- Texte visé : Projet de loi de finances pour 2026, n° 1906
- Stade de lecture : 1ère lecture (1ère assemblée saisie)
- Examiné par : Assemblée nationale (séance publique)
Supprimer cet article.
Le présent amendement a pour objet de revenir sur la suppression des multiples seuils de franchise différenciés qui préexistaient au profit d’un seuil unique fixé à 25 000 € dans la loi de finances pour 2025 adoptée sans vote du Parlement.
Le régime de la franchise en base de TVA permet aux très petites entreprises et micro-entrepreneurs dont le chiffre d’affaires n’excède pas certains seuils de bénéficier d’une dispense de collecte et de paiement de la TVA, simplifiant ainsi leurs obligations fiscales et comptables.
La réforme introduite par la loi de finances pour 2025, qui a remplacé les seuils distincts applicables selon la nature de l’activité (ventes de biens, prestations de services, professions libérales, hébergement, etc.) par un seuil unique à 25 000 €, a profondément modifié l’économie du dispositif.
Présentée comme une mesure de simplification, cette uniformisation a en réalité entraîné une réduction drastique du champ des bénéficiaires et une augmentation significative des contraintes administratives et financières pesant sur les très petites structures.
De nombreux artisans, commerçants, prestataires de services et professionnels libéraux exerçant sous le régime micro-fiscal se trouvent désormais assujettis à la TVA dès les premiers mois de l’exercice, alors même que leur volume d’activité demeure modeste et que leur capacité de gestion comptable est limitée.
Cette situation engendre une complexité disproportionnée au regard des montants concernés, une perte de compétitivité face aux opérateurs étrangers bénéficiant de seuils plus élevés, et une diminution nette du revenu disponible pour les indépendants les plus fragiles.
Le présent amendement vise donc à rétablir un régime différencié de franchise en base, fondé sur des seuils réalistes et adaptés à la diversité des activités économiques, tout en actualisant les montants pour tenir compte de l’inflation et de l’évolution du tissu productif national.
Ainsi, il propose de revenir à une architecture à deux niveaux :
– un plafond de 85 000 € pour les activités de vente de biens (porté à 93 500 € pour l’année en cours) ;
– un plafond de 37 500 € pour les prestations de services autres que les ventes à consommer sur place et les prestations d’hébergement (porté à 41 250 € pour l’année en cours).
Le dispositif introduit également un régime spécifique pour les avocats, les auteurs d’œuvres de l’esprit et les artistes-interprètes, dont les revenus sont souvent irréguliers et modestes.
Les plafonds proposés (50 000 € et 55 000 € selon la période considérée) visent à préserver les professionnels exerçant dans le cadre de l’aide juridictionnelle ou d’activités culturelles peu rémunératrices, sans pour autant favoriser les cabinets d’affaires ni les structures les plus aisées du secteur.

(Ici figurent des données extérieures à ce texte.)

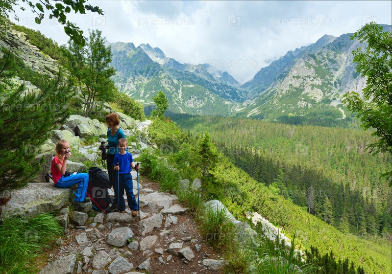 Семья на тропе в высоких Татрах, Словакия

Cet amendement rappelle la position unanime déjà votée par l’Assemblée nationale et permet d’affirmer le refus d’une réécriture improvisée, sans concertation ni cohérence avec la trajectoire fixée en 2025.
L’article 25 du PLF 2026, introduit sans base de dialogue avec les représentants professionnels, remet en cause un compromis équilibré et introduit un risque de fiscalisation rampante des micro-entrepreneurs via la TVA.
En rétablissant des seuils différenciés plus cohérents avec la réalité économique et en garantissant une protection adaptée aux professions à faibles revenus, le présent amendement constitue un acte de considération envers les TPE, auto-entrepreneurs, artistes et avocats modestes, à qui le Gouvernement impose, une fois encore, un changement de cadre fiscal structurel et précipité.